PT-Chancen ohne Lula eher gering

Sollte die Entscheidung für ihn ausfallen stünde er zum sechsten Mal zur Wahl. Nach drei Misserfolgen in den 1990er-Jahren schaffte er es, wurde 2003 Nachfolger Fernando Henrique Cardoso und führte Brasilien in ein wirtschaftlich erfolgreiches Jahrzehnt.

Und: Auch ärmere Bevölkerungsschichten, nach wie vor der grösste Bevölkerungsteil, bekamen etwas vom Aufschwung ab. Der Mindestlohn stieg und die Regierung startete das Sozialprogramm "bolsa familia" für einkommensschwache Familien.
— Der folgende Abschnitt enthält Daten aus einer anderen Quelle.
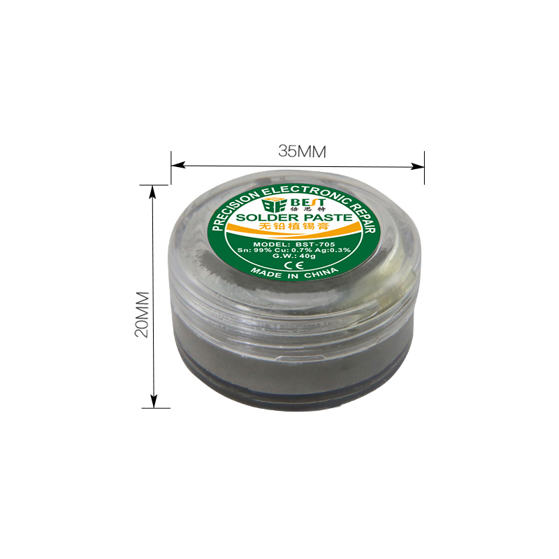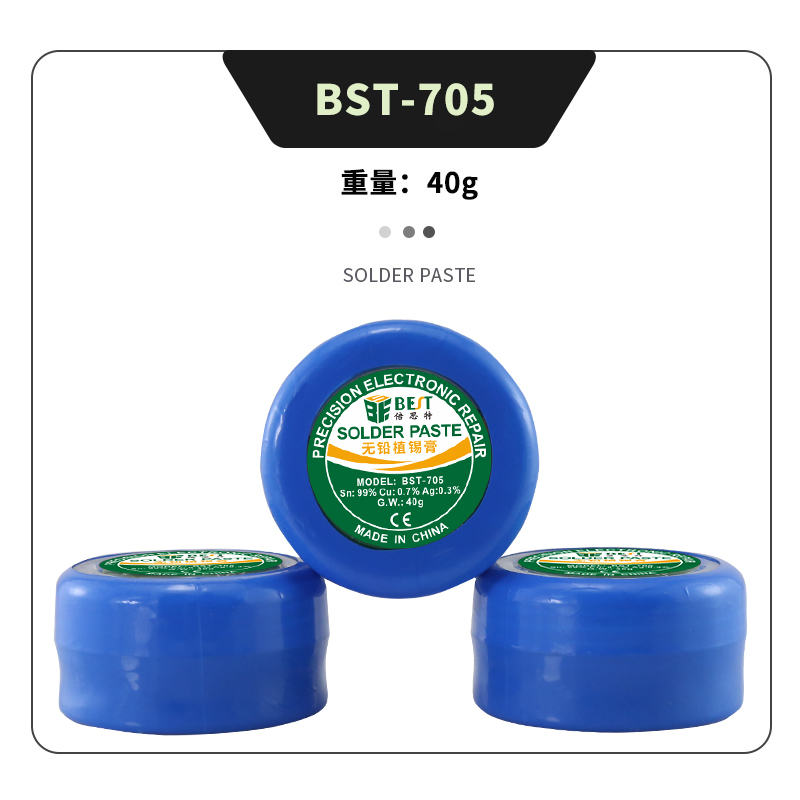 ? 產品名稱: 無鉛錫漿 BGA植錫膏? 產品型號: BST-705? 產品類別: 錫漿焊油系列? 產品毛重: 40g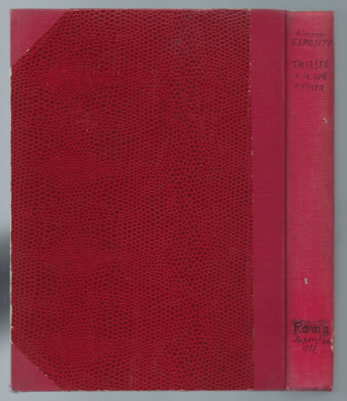 Rilegatura artigianale in mezza tela rossa con angoli e piatti rivestiti in similpelle.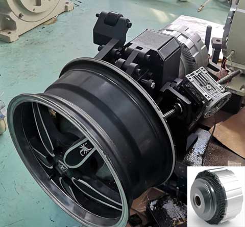 與清華電機系、中國一汽新概念汽車研究院合作開發(fā)的輪邊電機系統(tǒng),功率25kW,峰值輸出扭矩600Nm,輸出轉速1200rpm,電機重量13kg。

Vor allem deswegen ist Lula beliebt wie kein anderer Politiker Brasiliens.

Die PT hofft fast schon verzweifelt auf seine Freilassung. Denn ohne ihn wird es schwer die Wahl zu gewinnen. Dann dürfte Fernando Haddad antreten. Er war von 2005 bis 2012 Lulas Bildungsminister und danach bis 2017 Bürgermeister von São Paulo.
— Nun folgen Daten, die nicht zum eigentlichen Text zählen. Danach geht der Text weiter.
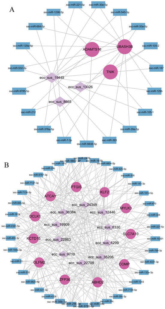 Porcine miRNA sequences were extracted from the miRBase database (http://www.mirbase.org/, accessed on 15 August 2024), and the 3′UTR sequences of the genes were retrieved from UCSC (https://genome.ucsc.edu/, accessed on 15 August 2024). The miRanda (v.3.3a) software (https://www.bioinformatics.com.cn/local_miranda_miRNA_target_prediction_120, accessed on 2 June 2024) was used to predict pig miRNAs that might interact with eccDNAs and their target genes. The prediction was performed using the default parameters of the system. Cytoscape (v.3.10.1) was used for visualization.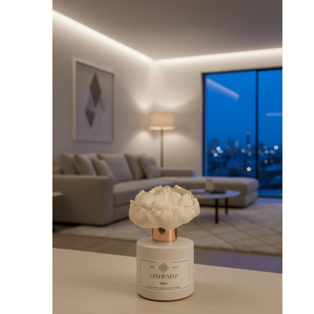 A virágdiffúzor természetes módon, folyamatosan adja le az illatot, miközben a dekoratív diffúzorvirág lassan magába szívja az esszenciát és virágként nyílik ki. Az Open illata így csendesen, egyenletesen van jelen az otthonban – mindig akkor, amikor szükség van rá.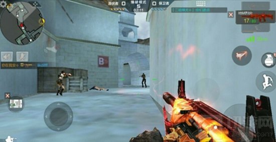 不过我们也要注意自己的后面有没有敌人,因为我们冲过来的动静这么大,中路卡点的保卫者和A包点的保卫者肯定会察觉,毕竟小地图上面可以看出B点失守,所以保卫者一定会立即回防反击!他们反击只有两条路线,一条是保卫者基地到B包点,一条是中路虎口到B通。我们可以躲在虎口右边的箱子后面,敌人去B通的时候再出来从后面偷袭,这种方法屡试不爽,百试百灵!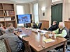Holmes County Airport Authority board members Roc Baker, front left, and Josh Troyer join the Holmes County Commissioners in viewing the new plans for the Holmes County Airport terminal during a recent meeting.

Im Rest des Landes ist er aber eher unbekannt, weswegen es auch fraglich ist, ob die potentiellen Lula-Wähler tatsächlich auf ihn eingeschworen werden könnten.
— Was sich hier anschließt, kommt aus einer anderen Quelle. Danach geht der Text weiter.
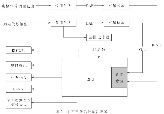 0引言 挖泥船電磁流量計(jì)用來(lái)指導(dǎo)挖泥船操作施工,防止堵管、悶耙,與密度測(cè)量設(shè)備一起使用構(gòu)成產(chǎn)量計(jì),為施工操作與管理提供決策數(shù)據(jù),有利于提高施工效率。其測(cè)量介質(zhì)為液固兩相流體,有別于通常意義下的單一介質(zhì),測(cè)量難度大大增加。而電磁流量計(jì)(EMF)是根據(jù)電磁感應(yīng)定律制成的一種測(cè)量導(dǎo)電性流體流量的儀表[1]。與現(xiàn)有各種流量?jī)x表相比,其直線(xiàn)性好、測(cè)量精度高、測(cè)量范圍和適用范圍廣、耐腐蝕性能強(qiáng),可以解決其他流量計(jì)不易解決的問(wèn)題,如臟污流、腐蝕流等的測(cè)量[2]。 目前國(guó)內(nèi)應(yīng)用于挖泥船的電磁流量計(jì)大多存在零點(diǎn)漂移、轉(zhuǎn)換精度不高、流速不穩(wěn)、空管檢測(cè)易失常等諸多問(wèn)題。對(duì)此,我們進(jìn)行了相關(guān)研究并提出相應(yīng)改進(jìn)措施,現(xiàn)已研發(fā)出一種專(zhuān)門(mén)用于挖泥船的電磁流量計(jì),在耙吸式挖泥船上成功應(yīng)用,取得了很好的效果。本文通過(guò)信號(hào)處理和空管檢測(cè)功能詳細(xì)介紹該新型挖泥船電磁流量計(jì)。 1電磁流量計(jì)工作原理 電磁流量計(jì)分為傳感器和轉(zhuǎn)換器兩部分。傳感器是把流過(guò)管道內(nèi)的導(dǎo)電流體的流速信號(hào)轉(zhuǎn)換為電信號(hào),轉(zhuǎn)換器是把傳感器輸出的電信號(hào)進(jìn)行有用信號(hào)識(shí)別提取并進(jìn)行相關(guān)處理,用于主機(jī)顯示,主要由勵(lì)磁電路、信號(hào)調(diào)理電路、微處理電路等部分組成。圖1為傳感器工作原理示意圖。 根據(jù)法拉第電磁感應(yīng)定律,當(dāng)一導(dǎo)體在磁場(chǎng)中運(yùn)動(dòng)而切割磁力線(xiàn)時(shí),在導(dǎo)體兩端便會(huì)產(chǎn)生感應(yīng)電動(dòng)勢(shì)。設(shè)在均勻磁場(chǎng)中,垂直于磁場(chǎng)方向有一個(gè)直徑為D的管道。管道由不導(dǎo)磁材料制成,內(nèi)表面加絕緣襯里。當(dāng)導(dǎo)電的液體在管道中流動(dòng)時(shí),導(dǎo)電液體就切割磁力線(xiàn),因而在磁場(chǎng)及流動(dòng)方向垂直的方向?qū)a(chǎn)生感應(yīng)電動(dòng)勢(shì)。如果在管道截面垂直于磁場(chǎng)的直徑兩端安裝一對(duì)電極,只要管道內(nèi)流速υ為軸對(duì)稱(chēng)分布,兩極之間就會(huì)產(chǎn)生感應(yīng)電動(dòng)勢(shì)[3],此感應(yīng)電動(dòng)勢(shì)與流速具有線(xiàn)性關(guān)系。其表達(dá)式為: E=K·B·D·V(1) 式中:V為測(cè)量管道內(nèi)截面上的平均流速(m/s); K為儀表常數(shù); D為測(cè)量管內(nèi)直徑(m); B為磁感應(yīng)強(qiáng)度(T)。 轉(zhuǎn)換器將此感應(yīng)電動(dòng)勢(shì)測(cè)出,再根據(jù)線(xiàn)性關(guān)系式即可得出流速信號(hào)。圖2為電磁流量計(jì)整體設(shè)計(jì)示意圖。 考慮到傳感器出來(lái)的微弱信號(hào)容易在傳輸線(xiàn)上損耗,故而電極信號(hào)調(diào)理板和空管檢測(cè)功能板就近放置于傳感器出線(xiàn)口,調(diào)理后經(jīng)屏蔽線(xiàn)傳輸至轉(zhuǎn)換器上的主控電路。 結(jié)構(gòu)上管道本身就是個(gè)大的屏蔽體,防止勵(lì)磁線(xiàn)圈磁場(chǎng)泄露,信號(hào)采用屏蔽線(xiàn)傳輸,減少線(xiàn)與線(xiàn)之間信號(hào)干擾,以及空間傳播的干擾,保證信號(hào)的完整性。 電路上采用雙核主從式控制,方便流速測(cè)量及其空管檢測(cè),克服了以往電磁流量計(jì)需要配合密度計(jì)來(lái)使用的缺陷;同時(shí)利用微機(jī)技術(shù),使其各方面性能大大提高,更加智能化,更加便于管理施工。 2勵(lì)磁方式的合理選擇 目前國(guó)產(chǎn)挖泥船流量計(jì)大多采用低頻方波勵(lì)磁方式,其主要特點(diǎn)是能避免零點(diǎn)漂移及無(wú)正交干擾,抗同相干擾能力較好[4]。但對(duì)于液固兩相流體而言,當(dāng)固體顆粒撞擊電極,表面電位變化形成尖峰狀噪聲,信號(hào)呈現(xiàn)大幅度波動(dòng)。而低頻方波勵(lì)磁不能從硬件技術(shù)上消除這種由于沖擊造成的干擾,要實(shí)現(xiàn)測(cè)量結(jié)果的穩(wěn)定,只能通過(guò)調(diào)整勵(lì)磁頻率外加軟件手段加以消除,但有兩方面的缺陷: (1)挖泥船上工況復(fù)雜,挖泥工況與合適勵(lì)磁頻率匹配問(wèn)題很難完美解決,只能通過(guò)現(xiàn)場(chǎng)不斷調(diào)試較合適的頻率參數(shù)。同一工地不同土質(zhì)都需要改變頻率參數(shù),以目前的現(xiàn)場(chǎng)條件及技術(shù)水平,要做到這一步非常困難,目前基本上采用大體上可測(cè)量的單一頻率。 (2)采用軟件濾波降低由沖擊噪聲產(chǎn)生的波動(dòng)幅度,波動(dòng)幅度平滑程度越高,則測(cè)量結(jié)果的真實(shí)性和實(shí)時(shí)性就越差,很多情況下會(huì)導(dǎo)致測(cè)量結(jié)果失真,尤其當(dāng)高流速、固體含量高、大顆粒的工況。 而采用工頻(50Hz)電源交流勵(lì)磁方式,消除了電極表面的極化于擾,抗固體顆粒撞擊電極形成尖峰狀噪聲能力強(qiáng)。由于磁場(chǎng)是交變的,所以輸出信號(hào)也是交變信號(hào),放大和轉(zhuǎn)換低電平的交流信號(hào)要比直流信號(hào)容易得多。但值得注意的是,用交流勵(lì)場(chǎng)會(huì)帶來(lái)一系列的電磁干擾問(wèn)題。例如正交干擾、同相干擾等,這些干擾信號(hào)與

Jair Bosonaro gibt den Hardliner

Wahrscheinlicher ist, dass vor allem der rechte Jair Bolsonaro von einem Lula-Ausschluss profitieren würde. Zuletzt lag er in Umfragen mit 22 Prozent vorne - wenn man Lula komplett aus der Wertung herausnehmen würde. Damit läge er an der Spitze. Ein Startplatz in der Stichwahl am 28. Oktober erscheint damit fast sicher.

Politisch war er stets ein Hinterbänkler, zwar seit 1990 Abgeordneter für insgesamt neun Parteien, aber in dieser Zeit brachte Bolsonaro gerade einmal zwei Anträge ein.

Seine Bekanntheit verdankt er vor allem seinem Auftreten als Hardliner, er beleidigt und erniedrigt Frauen, Indigene, Homosexuelle, wettert gegen Abtreibung und bekundet seine Sympathie für die Diktatur.

Mit ihm, so seine Botschaft, werde in der Politik aufgeräumt, werde mit harter Hand Recht und Ordnung wiederhergestellt.

Im Falle eines Wahlsiegs will er zudem aus dem Klimaabkommen von Paris austreten und Kindern den Umgang mit Waffen beizubringen. Töne, wie man sie noch aus dem Wahlkampf von US-Präsident Donald Trump kennt und die die Handschrift von Steve Bannon tragen, dem früheren strategischen Berater im Weissen Haus. Ihn holte sich Bolsonaro zur Hilfe.

Bolsonaro lebt vom Zeitgeist. Die Wirtschaftskrise, Korruptionsskandale und die angestiegene Gewalt treiben Bolsonaro die Wähler in die Arme, die sich einen starken Staat wünschen, in dem auch das Militär präsenter sein soll.

Symbolisch dafür holte sich der ehemalige Fallschirmjäger Bolsonaro als Kandidat für das Vize-Präsidentenamt den General Antonio Hamilton Mourão ins Boot.

Bosonaro hat gleich mehrere Probleme

Die Wahl dürften am Ende aber andere Themen entscheiden. In einer Umfrage des Meinungsforschungsunternehmens Datafolha bezeichnen 37 Prozent eine Verbesserung des Arbeitsmarkts als vordringlichstes Thema. Ebenfalls oben auf der Agenda: Erhöhung der Mindestlöhne (33 Prozent), Inflationskontrolle (32 Prozent) oder der Wunsch nach mehr Jobs (30 Prozent) – fast alles klassische linke Themen.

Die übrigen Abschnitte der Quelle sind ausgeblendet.